Judge Senter’s Order, however, makes short work of denying Nationwide’s motion:

Defendant’s related Motion to File Documents Under Seal, which admits that “the information sought to be submitted under seal does not contain ‘sensitive information’” concerning the Plaintiff as contemplated by the local rules, will also be denied.

Instead, he devotes his attention to the examination and denial of Mrs. Politz’s motion for reconsideration of the Magistrate’s Order denying her motion for leave to designate a mental health expert.

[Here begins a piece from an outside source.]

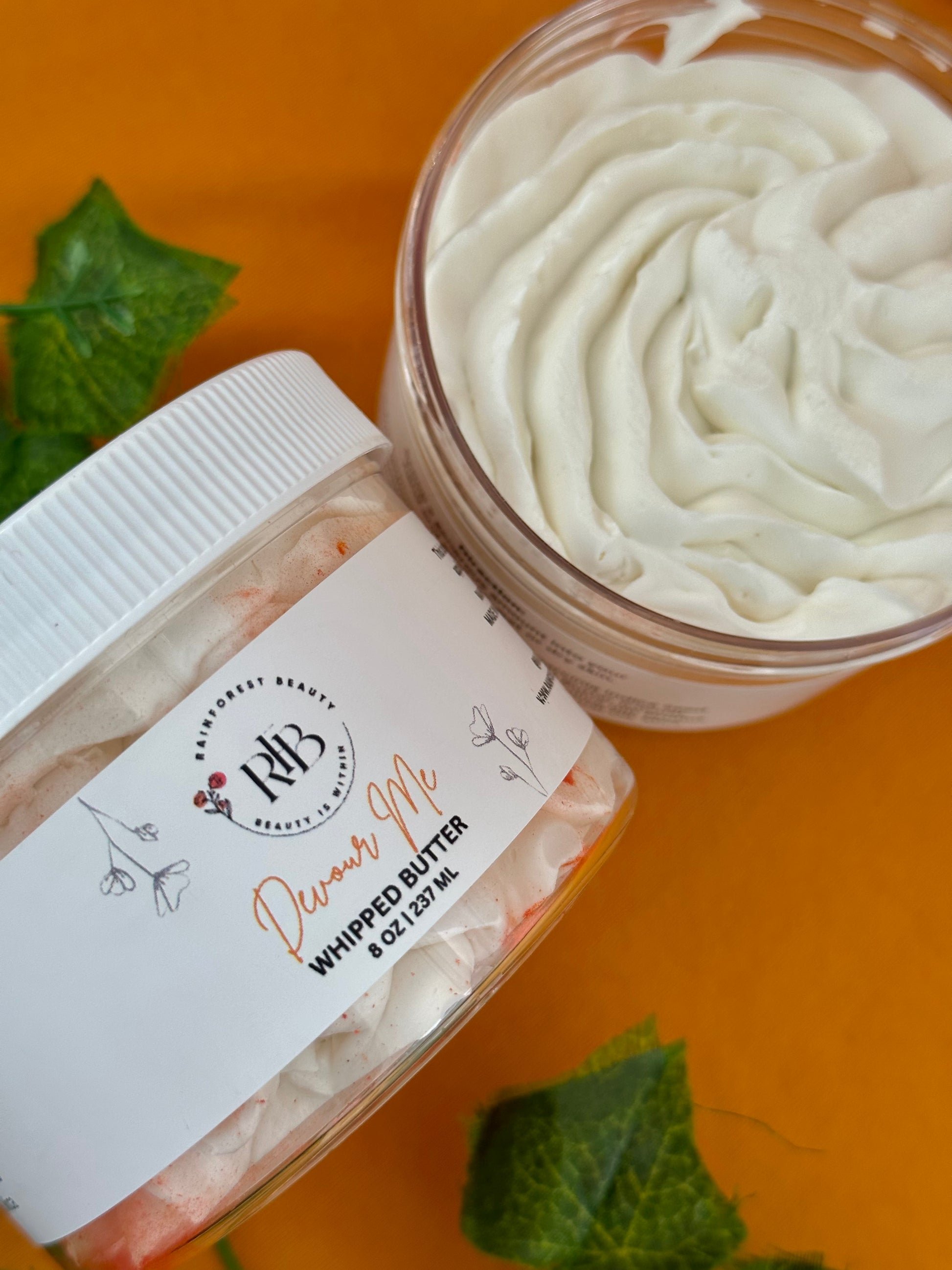 Devour Me Body Butter is a luxurious moisturizer with creamy texture and a tropical aroma. Its non-greasy formula melts into skin on contact, leaving your body hydrated and fragrant. Its invigorating scent of pineapples and papaya creates a delightful experience. Leaving your body ready to be devoured. Pair with our Devour Me Sugar Scrub for an ultimate spa experience.

Judge Senter’s Order reveals that Nationwide has done exactly as Plaintiff’s counsel suggested in her Reply to the Company’s response to her request for review of Magistrate’s Order:

Nationwide’s strategy for the past several months has been to try and turn the Court against Mrs. Politz, and curb favor for itself, by painting her as a “discovery abuser.” In fact, Nationwide mentions this in pretty much every pleading it has filed in the past several months (and repeats the same examples every time). This is purely gamesmanship, brought on by Nationwide’s smelling of “blood in the water” with the issue… All the while, as pointed out to the Court herein, Nationwide has persisted in across-the-board obstruction and blatant material discovery abuses of its own.

As good and wise a man as Judge Senter appears to be, he alone can not read every motion filed. Consequently, he must rely on staff to read and brief the issues.  It may not happen before the trial; but, there will come a time when he discovers someone has not done their job well:

The parties are reminded of the Court’s Order granting Defendant’s request for trial in separate phases, along with its earlier ruling that “[a]ny discussion of mental or emotional distress will be excluded from evidence during the first phase of this trial when the issue of contract damages alone will be decided.” The Court repeats–again–that “the only issue to be tried in phase one is the coverage claim.” Of course, the Court reserves its ability to determine the admissibility of any testimony. (emphasis added)

Until then, Nationwide should remember the promise it made to Mrs. Politz …and walk humblyon her side.